- _Work instructions_
Copy each line below exactly and leave the pictures out.
***** The data
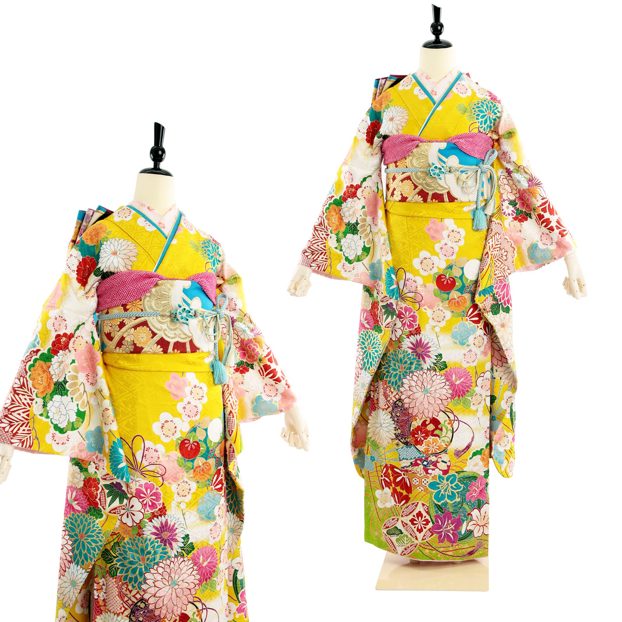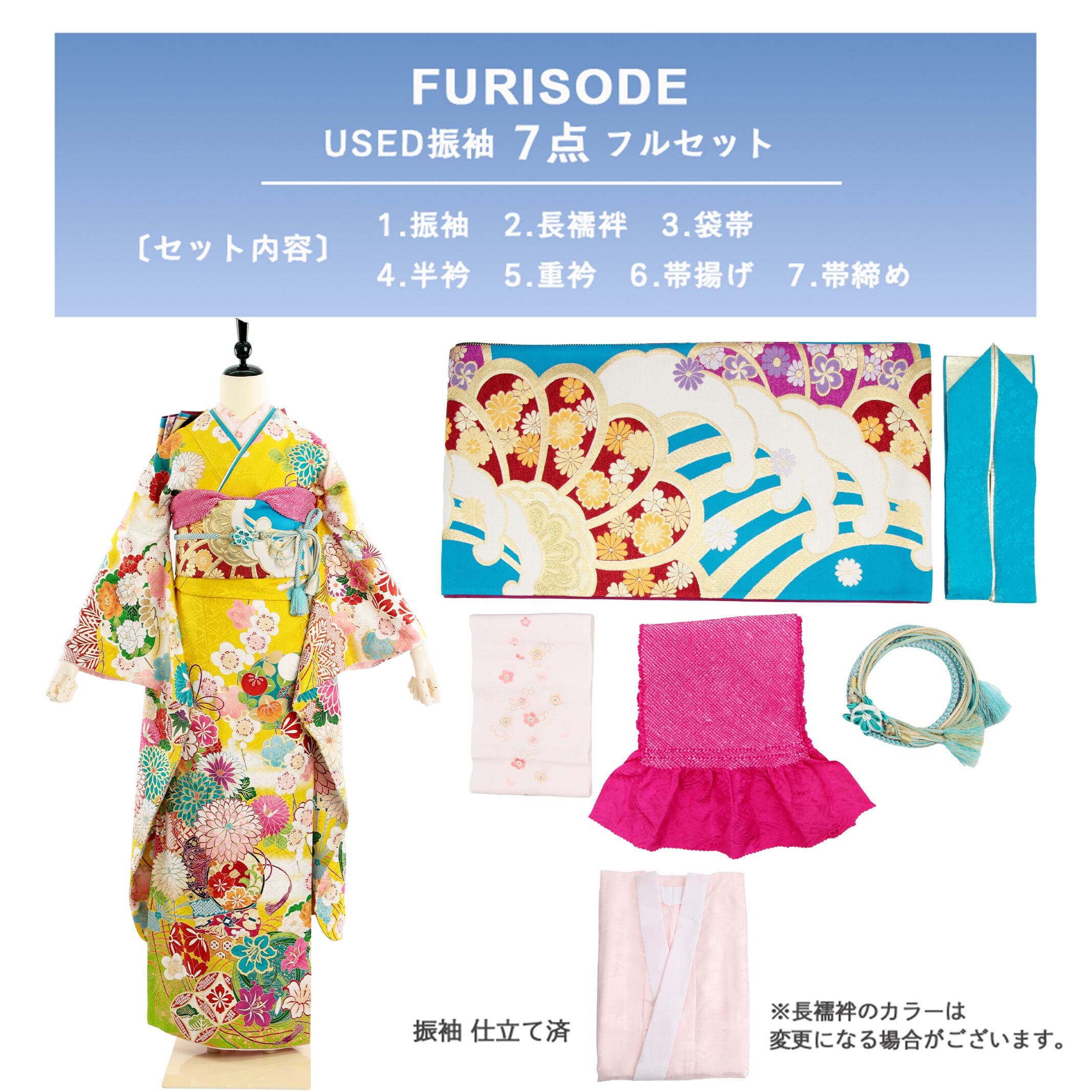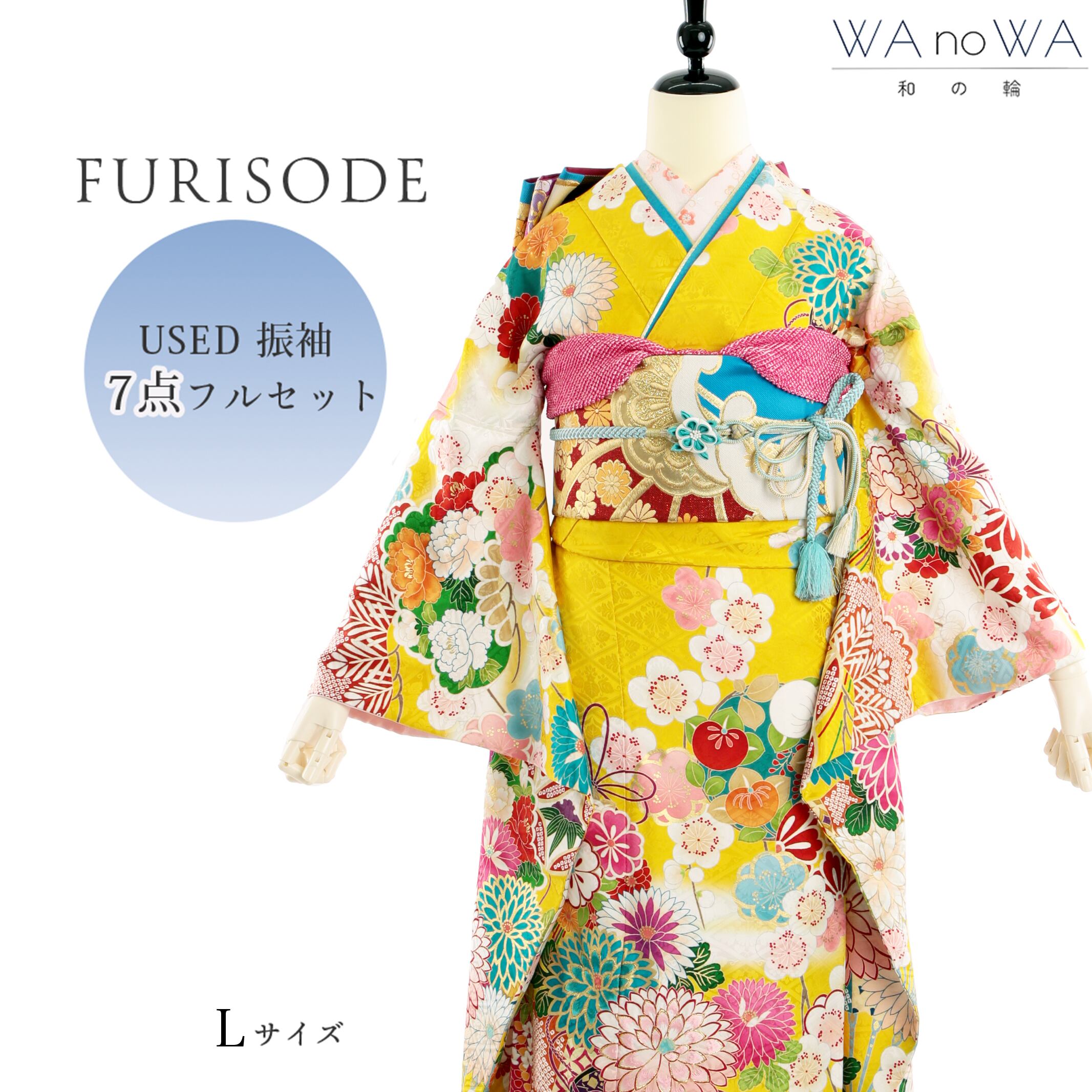 振袖 振袖セット USED振袖 黄色 新古典柄 鼓柄 菊 7点フルセット レディース Lサイズ WA-F-186
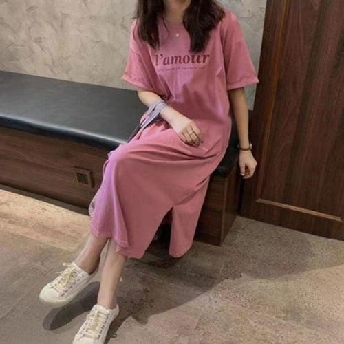 [모노무드]모노무드 xmfl-2 여성 여름 원피스 롱 반팔 등레터링 박스핏
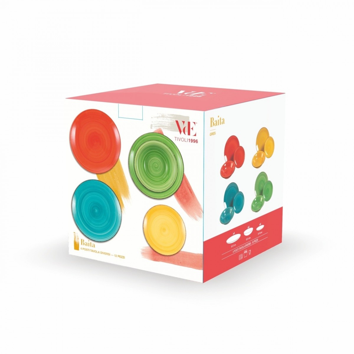 4 posti tavola in 4 diversi colori nella stessa confezione
**********
- _Task output_
 振袖 振袖セット USED振袖 黄色 新古典柄 鼓柄 菊 7点フルセット レディース Lサイズ WA-F-186
 [모노무드]모노무드 xmfl-2 여성 여름 원피스 롱 반팔 등레터링 박스핏
 4 posti tavola in 4 diversi colori nella stessa confezione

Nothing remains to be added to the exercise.